▶ _TASK TO CARRY OUT_
Only the number is wanted: how many lines of the listing below contain "this"?

▶ _MATERIAL SHOWN_
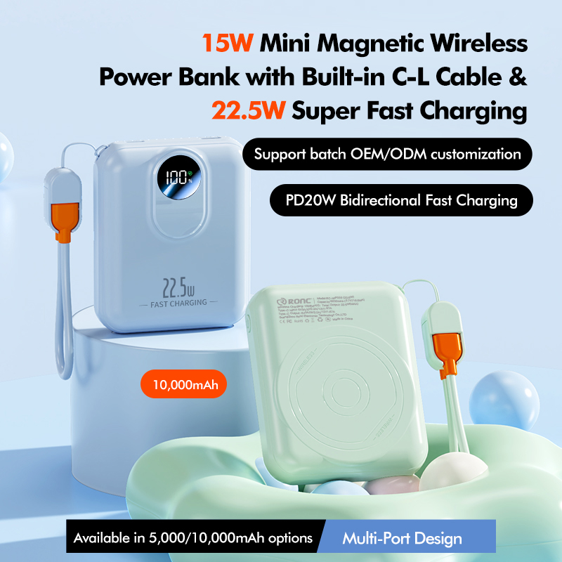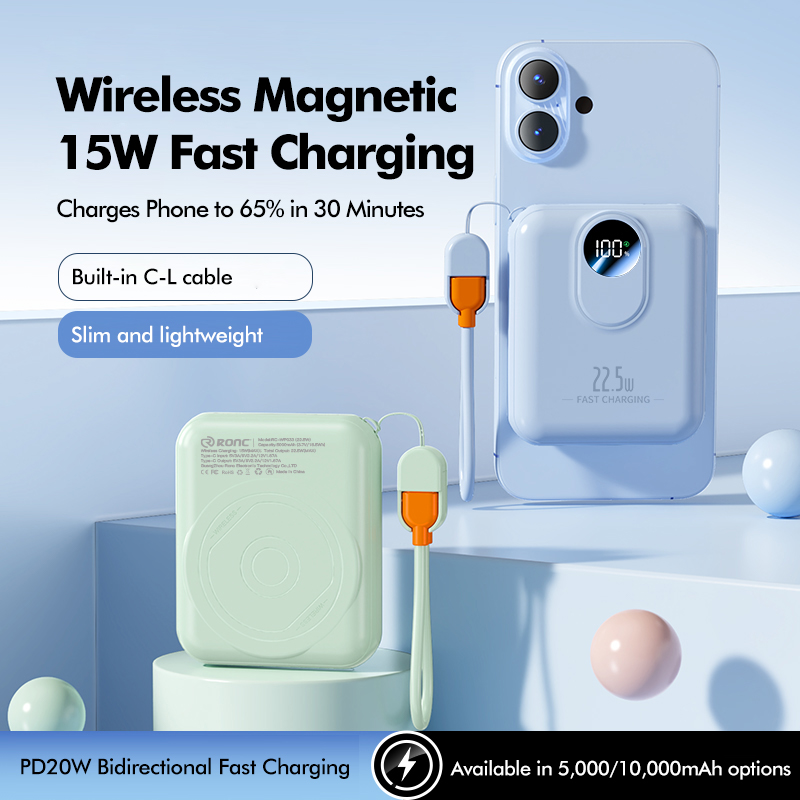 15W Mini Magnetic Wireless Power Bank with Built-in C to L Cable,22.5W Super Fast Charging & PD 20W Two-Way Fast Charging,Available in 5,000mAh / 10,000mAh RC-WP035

...

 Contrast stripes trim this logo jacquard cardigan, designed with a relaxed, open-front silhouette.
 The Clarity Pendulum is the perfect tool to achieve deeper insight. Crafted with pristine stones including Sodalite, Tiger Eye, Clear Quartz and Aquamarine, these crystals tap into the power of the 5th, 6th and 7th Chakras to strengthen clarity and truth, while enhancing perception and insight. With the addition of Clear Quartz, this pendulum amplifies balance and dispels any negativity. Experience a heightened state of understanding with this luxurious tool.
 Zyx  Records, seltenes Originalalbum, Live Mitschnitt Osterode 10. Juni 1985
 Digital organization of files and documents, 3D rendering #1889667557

▶ _EXPECTED OUTPUT_
2